Medium: It is a significant difficulty but I can work around it.

About this issue

  • Original URL
  • State: closed
  • Created a year ago
  • Reactions: 1
  • Comments: 23 (1 by maintainers)

Most upvoted comments

storage_path=“./” works for me and I can perform tuning without saving any model checkpoints. However, if I do need to save checkpoints in the future this will not work. Hopefully this is fully fixed in 2.7 release.

Thanks for raising this and following up.

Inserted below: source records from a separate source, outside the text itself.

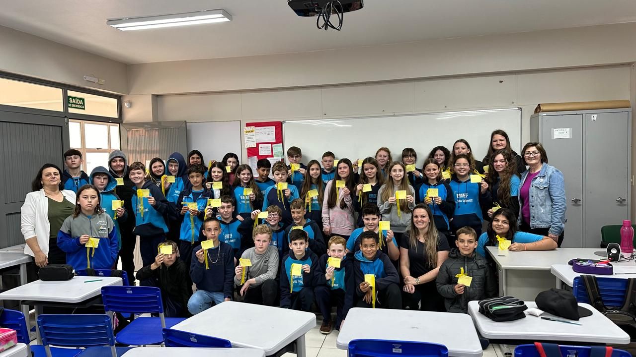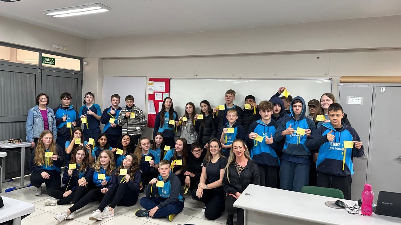 Em alusão ao Setembro Amarelo, campanha de conscientização sobre a prevenção ao suicídio, a Equipe Multidisciplinar da Secretaria de Educação, Cultura, Turismo e Desporto (SMEC) de Westfália promoveu uma ação especial voltada aos alunos do 6º ao 9º Ano da Escola Municipal de Ensino Fundamental (EMEF) Vila Schmidt. A atividade, realizada em parceria com as aulas de Ensino Religioso, teve como objetivo incentivar a reflexão e a promoção à vida, abordando a importância do diálogo sobre o tema.
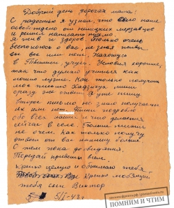 В октябре 1945 года из Кенигсбергского военного округа переехал вместе с частью в Минский военный округ. По дороге заболел и лёг в Минский окружной госпиталь, где пролежал до 11 февраля 1946 года. 11 февраля 1946 года демобилизован из рядов РККА по болезни. 872 отдельный зенитно-артиллерийский дивизион, где я служил, сейчас находится в Минском военном округе в гор. Борисове.
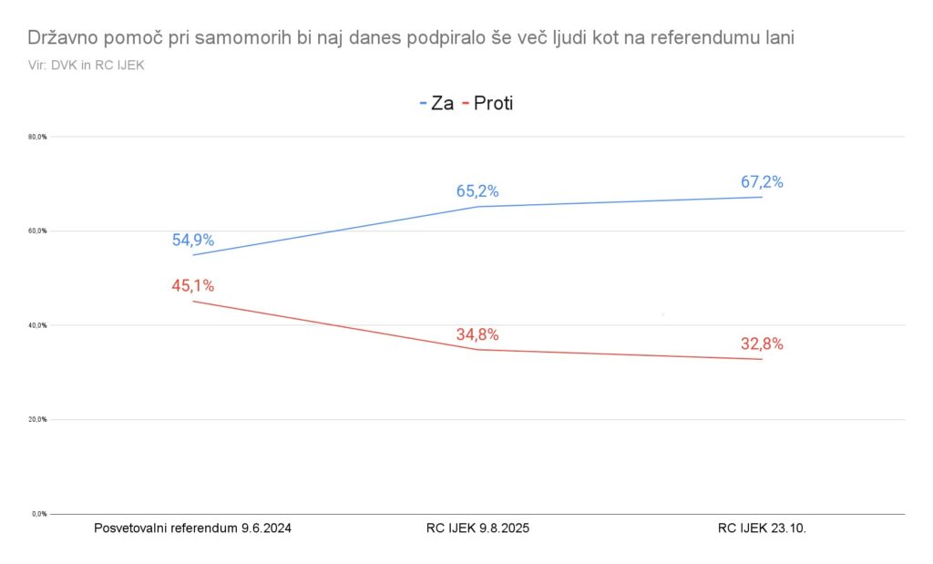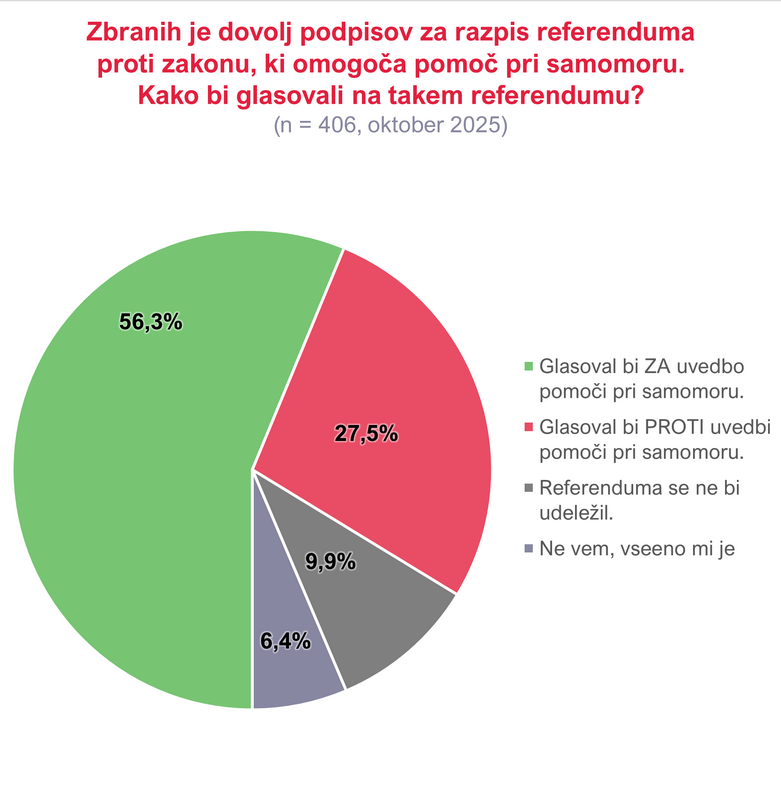 Na referendumu čez mesec dni bodo odločno zmagali zagovorniki državne izvedbe samomorov. Obsežen birokratski aparat, v katerem bodo tudi zdravniki, ki bo odločal, kdo sme storiti samomor in pomagal pri izvedbi, podpira več volivcev kot ga je avgusta in več kot na posvetovalnem referendumu, ali to uzakonjati, ki je bil lani junija, ko so bile tudi evropske volitve.
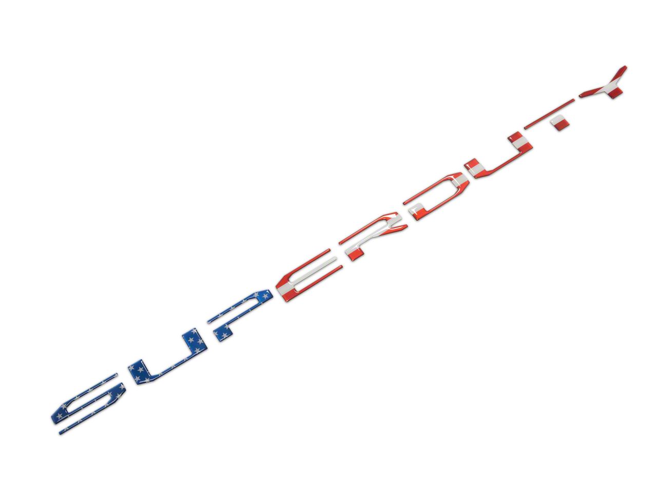 Personalize and Patriotize in Style. Showcase your patriotism and personalize your F-350 Super Duty (excluding Platinum models) with these eye-catching Tailgate Letter Inserts, featuring an officially licensed American flag design. Crafted for durability, these inserts are built to withstand the elements and maintain their vibrant appearance.
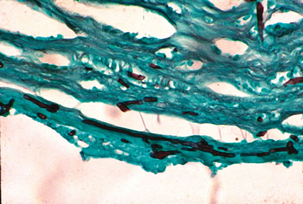 Certain direct fluorescent stains may be used in lieu of Gram's strain for detection of bacteria. In particular, acridine orange has a much higher sensitivity for detection of bacteria than Gram's stain, and has the additional advantage of staining fungi more reliably than Gram's stain. The drawback of these direct fluorescent stains is the necessity of a fluorescent microscope for detection of the fluorescent signal. Positive specimens should be secondarily strained with Gram's stain to identify the detected pathogen. Commercial monoclonal or polyclonal antisera can be used to identify specific organisms by indirect immunofluorescence. In ophthalmology, this is commonly used for Chlamydia species.1 Because a specific antiserum must be used for each suspected organism, the requesting physician must communicate with the clinical microbiology or pathology laboratory in order to request these tests. FUNGI The most rapid technique for visualizing yeast or filamentous fungi is the potassium hydroxide (KOH) preparation. The scraping or swab is treated with 10% KOH in dimethyl sulfoxide. The strong base dissolves keratinized tissue (such as cornea), but the cell walls of fungi are resistant to dissolution. Both budding yeast and filamentous fungi can be visualized. Other staining methods also have high sensitivity for detection of yeast and fungi, including Giemsa stain, Gomori's methenamine silver (GMS), India ink staining, or periodic acid–Schiff (PAS) stain (Fig. 2). Fungi can also be identified on some Gram-stained samples.

This is indeed a bug, and it should be fixed here: #38319 The fix will be included in Ray 2.7. As a workaround, you can set the storage_path to a relative local directory, which will then not trigger the buggy code path.

from ray import air, tune

tuner = tune.Tuner(
    train_fn,
    run_config=air.RunConfig(storage_path="./")
)
tuner.fit()

Hey @harryseely , have you tried this with PBT?? I’m unable to use storage_path="./" as it fails all the time.

It is a bug - somewhere in the Ray code the remote directory was set as the local directory, and Windows does not take it well when Ray tries to copy checkpoints to itself. I posted on discussion board earlier - try not to bore everyone and repeat what I said here.

For now I can confirm I downgraded to 2.3 and it works.

Looking forward to the next release as I could not get it to work with storage_path="./" either

Thanks for raising this and following up. This is indeed a bug, and it should be fixed here: https://github.com/ray-project/ray/pull/38319

The fix will be included in Ray 2.7.

As a workaround, you can set the storage_path to a relative local directory, which will then not trigger the buggy code path.

from ray import air, tune

tuner = tune.Tuner(
    train_fn,
    run_config=air.RunConfig(storage_path="./")
)
tuner.fit()

I have the same problem in ray 2.6.1 on Windows.